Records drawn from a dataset

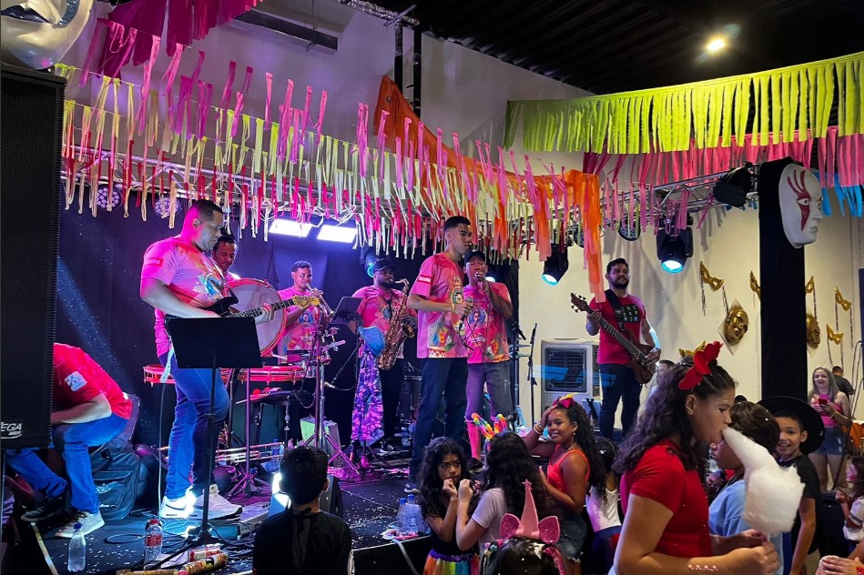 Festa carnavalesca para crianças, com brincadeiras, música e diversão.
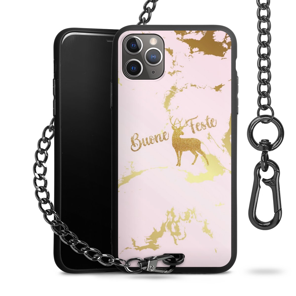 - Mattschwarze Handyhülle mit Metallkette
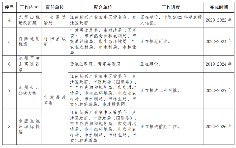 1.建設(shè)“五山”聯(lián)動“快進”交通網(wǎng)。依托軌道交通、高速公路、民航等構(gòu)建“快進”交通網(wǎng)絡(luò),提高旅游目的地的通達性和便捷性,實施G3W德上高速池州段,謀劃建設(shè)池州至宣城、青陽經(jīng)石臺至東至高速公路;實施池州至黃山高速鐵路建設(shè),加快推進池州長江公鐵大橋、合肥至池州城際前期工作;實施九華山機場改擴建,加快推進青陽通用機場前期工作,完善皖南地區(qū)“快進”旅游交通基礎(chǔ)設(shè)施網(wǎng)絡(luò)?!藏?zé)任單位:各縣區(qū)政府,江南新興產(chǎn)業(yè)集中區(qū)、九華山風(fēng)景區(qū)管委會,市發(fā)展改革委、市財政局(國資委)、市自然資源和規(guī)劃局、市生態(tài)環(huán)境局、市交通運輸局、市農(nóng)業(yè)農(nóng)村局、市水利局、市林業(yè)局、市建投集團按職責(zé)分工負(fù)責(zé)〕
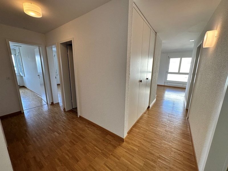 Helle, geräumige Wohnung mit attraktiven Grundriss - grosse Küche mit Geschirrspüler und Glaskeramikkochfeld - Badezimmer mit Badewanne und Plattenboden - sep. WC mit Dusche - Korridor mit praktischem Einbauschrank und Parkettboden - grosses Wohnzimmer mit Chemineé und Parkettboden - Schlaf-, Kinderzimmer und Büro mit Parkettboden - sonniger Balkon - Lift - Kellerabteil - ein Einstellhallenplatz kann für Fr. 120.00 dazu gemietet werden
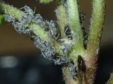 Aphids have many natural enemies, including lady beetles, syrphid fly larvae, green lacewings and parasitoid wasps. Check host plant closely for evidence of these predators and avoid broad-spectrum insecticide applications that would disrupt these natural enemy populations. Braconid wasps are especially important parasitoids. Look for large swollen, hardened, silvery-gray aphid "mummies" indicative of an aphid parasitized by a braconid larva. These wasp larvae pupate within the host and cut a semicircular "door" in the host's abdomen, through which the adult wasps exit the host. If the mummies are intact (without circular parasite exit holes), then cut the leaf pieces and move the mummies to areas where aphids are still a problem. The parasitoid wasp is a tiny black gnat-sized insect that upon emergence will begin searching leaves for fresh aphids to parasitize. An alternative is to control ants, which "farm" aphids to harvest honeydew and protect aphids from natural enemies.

HOW TO COMPLETE THIS TASK => What you set down should be exactly the lines from the line containing "- Mattschwarze Handyhülle mit Metallkette" to the last line of the entries above, both included, with no pictures.

YOUR SOLUTION =>
 - Mattschwarze Handyhülle mit Metallkette
 1.建設(shè)“五山”聯(lián)動“快進”交通網(wǎng)。依托軌道交通、高速公路、民航等構(gòu)建“快進”交通網(wǎng)絡(luò),提高旅游目的地的通達性和便捷性,實施G3W德上高速池州段,謀劃建設(shè)池州至宣城、青陽經(jīng)石臺至東至高速公路;實施池州至黃山高速鐵路建設(shè),加快推進池州長江公鐵大橋、合肥至池州城際前期工作;實施九華山機場改擴建,加快推進青陽通用機場前期工作,完善皖南地區(qū)“快進”旅游交通基礎(chǔ)設(shè)施網(wǎng)絡(luò)?!藏?zé)任單位:各縣區(qū)政府,江南新興產(chǎn)業(yè)集中區(qū)、九華山風(fēng)景區(qū)管委會,市發(fā)展改革委、市財政局(國資委)、市自然資源和規(guī)劃局、市生態(tài)環(huán)境局、市交通運輸局、市農(nóng)業(yè)農(nóng)村局、市水利局、市林業(yè)局、市建投集團按職責(zé)分工負(fù)責(zé)〕
 Helle, geräumige Wohnung mit attraktiven Grundriss - grosse Küche mit Geschirrspüler und Glaskeramikkochfeld - Badezimmer mit Badewanne und Plattenboden - sep. WC mit Dusche - Korridor mit praktischem Einbauschrank und Parkettboden - grosses Wohnzimmer mit Chemineé und Parkettboden - Schlaf-, Kinderzimmer und Büro mit Parkettboden - sonniger Balkon - Lift - Kellerabteil - ein Einstellhallenplatz kann für Fr. 120.00 dazu gemietet werden
 Aphids have many natural enemies, including lady beetles, syrphid fly larvae, green lacewings and parasitoid wasps. Check host plant closely for evidence of these predators and avoid broad-spectrum insecticide applications that would disrupt these natural enemy populations. Braconid wasps are especially important parasitoids. Look for large swollen, hardened, silvery-gray aphid "mummies" indicative of an aphid parasitized by a braconid larva. These wasp larvae pupate within the host and cut a semicircular "door" in the host's abdomen, through which the adult wasps exit the host. If the mummies are intact (without circular parasite exit holes), then cut the leaf pieces and move the mummies to areas where aphids are still a problem. The parasitoid wasp is a tiny black gnat-sized insect that upon emergence will begin searching leaves for fresh aphids to parasitize. An alternative is to control ants, which "farm" aphids to harvest honeydew and protect aphids from natural enemies.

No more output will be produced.